Emergency Department-Based ICU Improves Quality of Care and Outcomes Without Increasing Costs

 
 

Study by Weil Institute and Michigan Medicine researchers found deployment of an ED-based ICU resulted in no significant cost increase per emergency department visit.


Contact:
Kate Murphy, Marketing Communications Specialist, Weil Institute
mukately@umich.edu
(734) 647-4751

ANN ARBOR, MI — A recent study published in JAMA Network Open found that establishing a dedicated intensive care unit within an emergency department (ED-ICU) improved quality of patient care and outcomes without raising the overall cost of care delivery.

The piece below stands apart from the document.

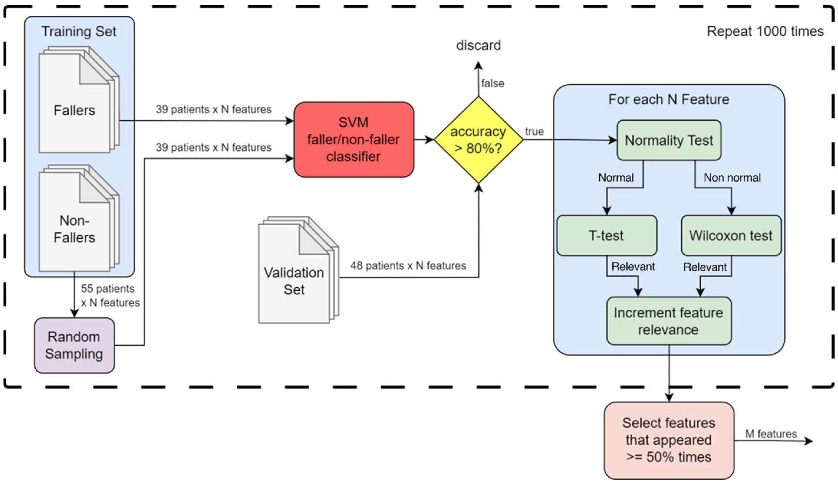 - Combining Rankings. Since we have M features, the previous process results in M distinct preliminary strata assignments (one for each feature). To obtain a single fall risk classification, we employ the mode (most frequent value) of these M assignments. In case two strata have the same highest frequency (a tie), we assign the higher risk stratum (medium over low, high over medium).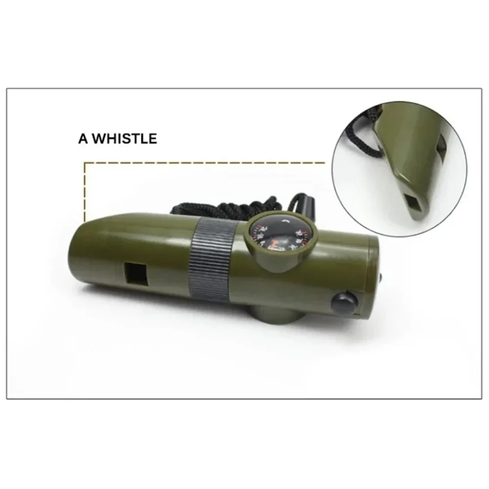 Survival Whistle with 6-in-1 Functions - LED Flashlight Compass Mirror Thermometer & Magnifier for Hiking Emergency

Investigators from Michigan Medicine and the U-M Max Harry Weil Institute for Critical Care Research and Innovation examined over 230,000 adult emergency department (ED) visits from before and after the opening of Michigan Medicine’s Emergency Critical Care Center (EC3) and compared the total direct costs per visit between the two groups. Their findings showed no significant increase in direct cost of care following deployment of the EC3, contributing further evidence toward the value of the ED-ICU as both a viable and cost-effective model for care delivery.

"Our analysis demonstrates that the ED-ICU model works in tandem with the ED and hospital to provide care in a cost-effective manner. Improving quality while holding overall delivery costs constant is a recipe for increasing value in healthcare delivery."

Benjamin Bassin, MD
Director, EC3
Associate Professor, Emergency Medicine

In a previous study, we demonstrated how implementing an ED-ICU reduced ICU admission rates and 30-day mortality among emergency department patients,” said study author Benjamin Bassin, MD, who serves as the Director of the EC3 and is a member of the Weil Institute. “In order to assess the overall value of this model, however, we also needed to determine how it would impact direct cost of care delivery to the emergency department and to the hospital system as a whole.”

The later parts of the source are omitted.